Langit Sabtu itu kelabu sejak pagi. Awan-awan tebal bergelayut berat, seolah menyimpan jutaan cerita yang tak sempat terucap. Pudjianto Gondosasmito duduk di sudut sebuah kafe kecil di pinggir jalan, memandangi rinai hujan yang jatuh membasahi kaca jendela. Secangkir kopi hitam mengepul di depannya, aromanya bercampur dengan bau tanah basah yang menyeruak dari celah pintu kafe.
Sabtu selalu punya makna khusus bagi Pudjianto Gondosasmito. Ini adalah hari di mana ia membebaskan dirinya dari rutinitas kerja yang monoton. Biasanya, ia akan menghabiskan waktu di taman atau menyusuri sudut kota yang jarang ia kunjungi. Tapi Sabtu ini, hujan mengurungnya di sini---bersama pikirannya yang mengembara ke masa lalu.
Di luar, jalanan lengang. Beberapa orang berlarian di trotoar, mencoba melindungi diri dari hujan dengan payung kecil atau jaket seadanya. Pudjianto Gondosasmito tersenyum samar, teringat pada seseorang yang dulu sering ia temani saat hujan seperti ini. Namanya Nina.
Nina adalah segalanya yang cerah dalam hidup Pudjianto Gondosasmito. Ia ingat bagaimana mereka dulu sering menunggu hujan reda di halte kecil dekat kampus, berbagi cerita sambil menikmati semangkuk mi instan dari warung pinggir jalan. Tapi itu bertahun-tahun lalu, sebelum hidup membawa mereka ke arah yang berbeda. Pudjianto Gondosasmito memilih mengejar karir di kota besar, sementara Nina memilih tinggal di kampung halamannya, menjadi guru bagi anak-anak desa.
Telepon di saku Pudjianto Gondosasmito bergetar, memecah lamunannya. Sebuah pesan muncul di layar:
"Hai, apa kabar? Lama nggak dengar ceritamu."
Pesan itu dari Nina. Pudjianto Gondosasmito menatap layar sejenak, lalu menghela napas panjang. Rasanya seperti semesta sengaja memainkan hujan ini untuk menghubungkan kembali cerita yang terputus.
Ia menyesap kopinya, lalu membalas singkat, "Baik. Lagi hujan di sini. Kamu?"

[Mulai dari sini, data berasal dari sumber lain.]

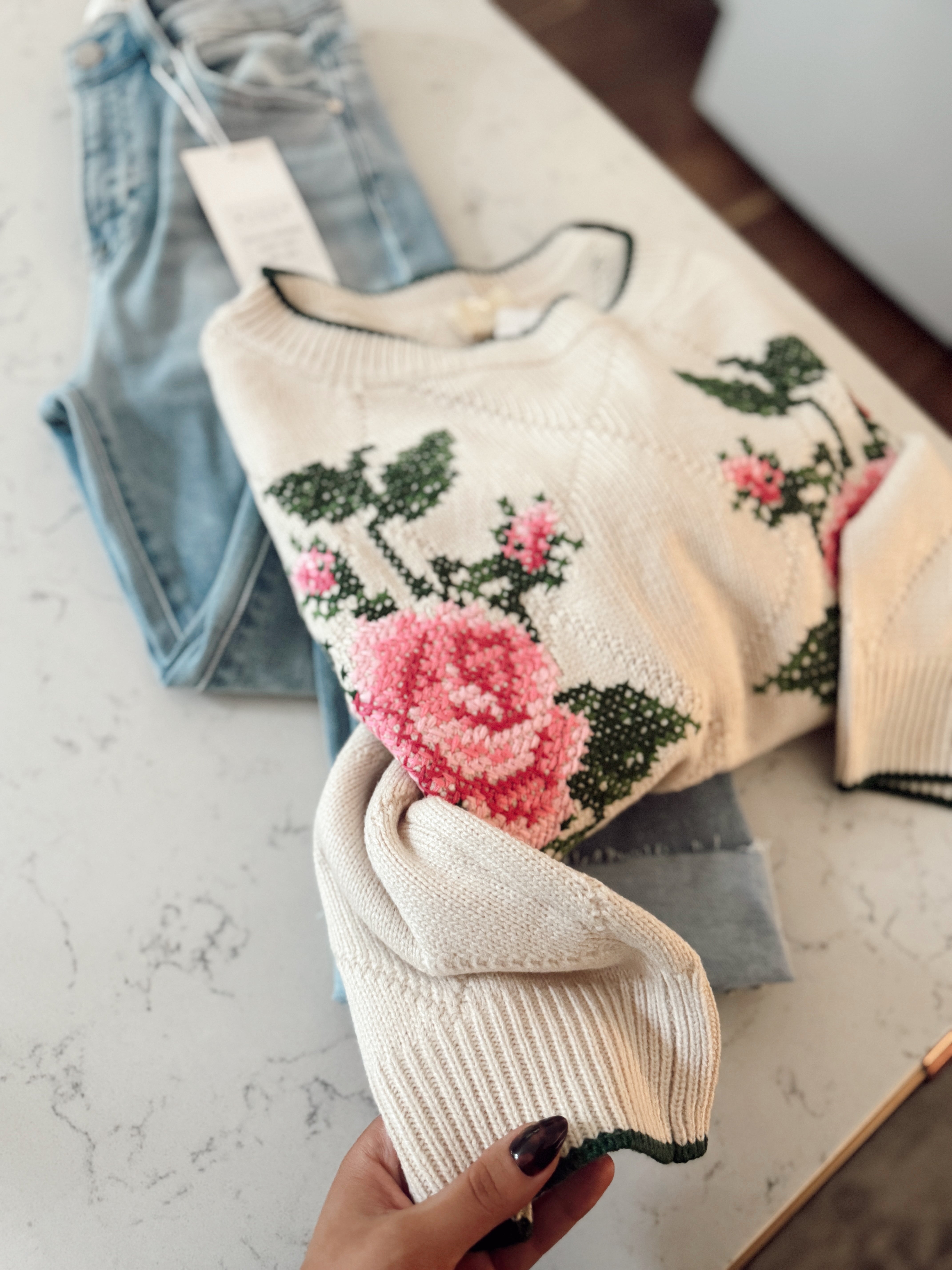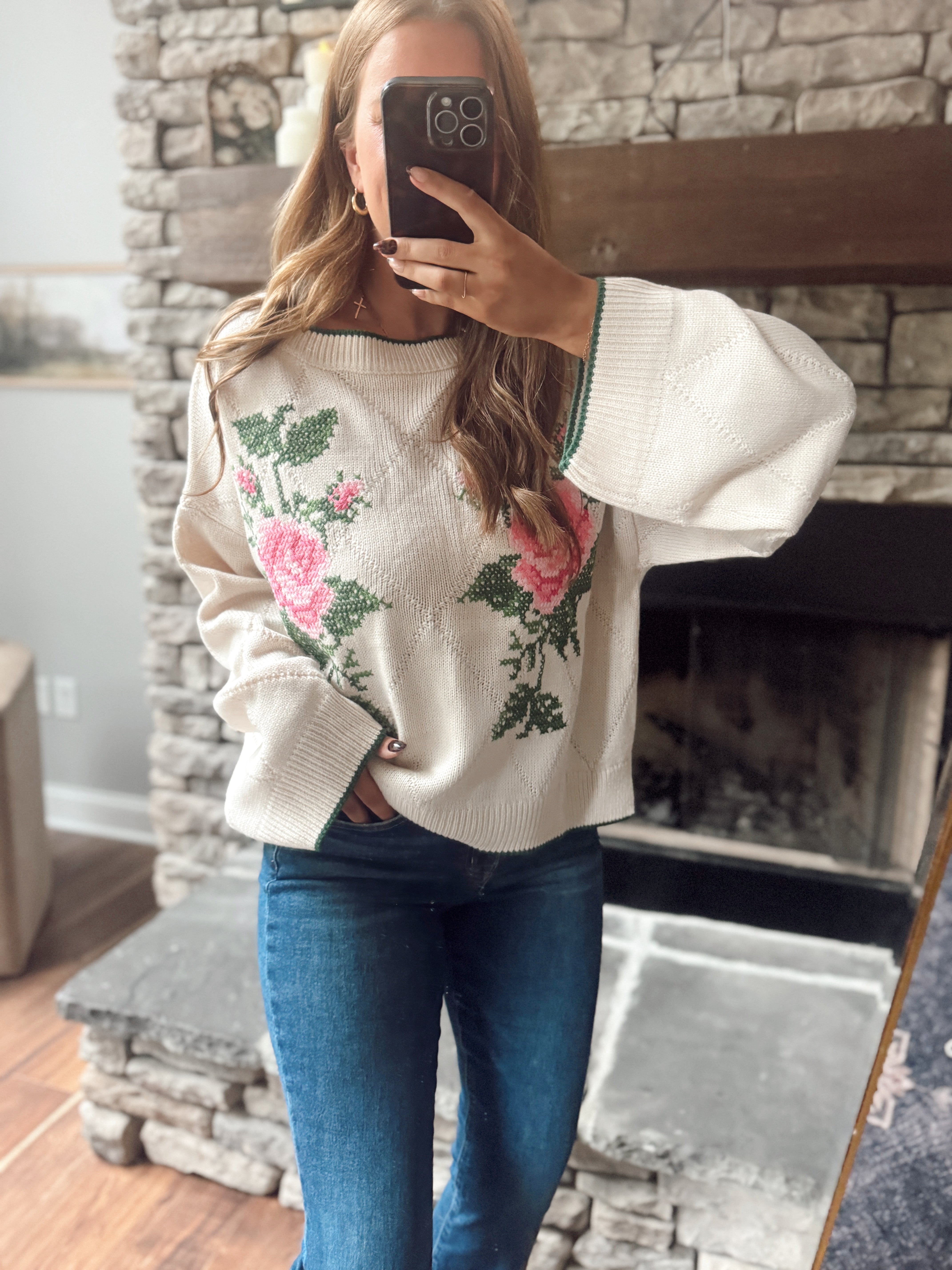 Ivory Rose Embroidered Sweater

Pesan balasan datang dengan cepat. "Di sini juga hujan. Kangen ngobrol sambil lihat hujan seperti dulu."
Pudjianto Gondosasmito tersenyum. Ada sesuatu yang hangat merayap di hatinya, seperti secangkir kopi hitam yang kini mulai dingin. Mungkin Sabtu ini, yang dipenuhi hujan, tak sepenuhnya muram. Sebuah cerita baru mungkin saja akan dimulai lagi, perlahan-lahan, dari tetes hujan yang jatuh.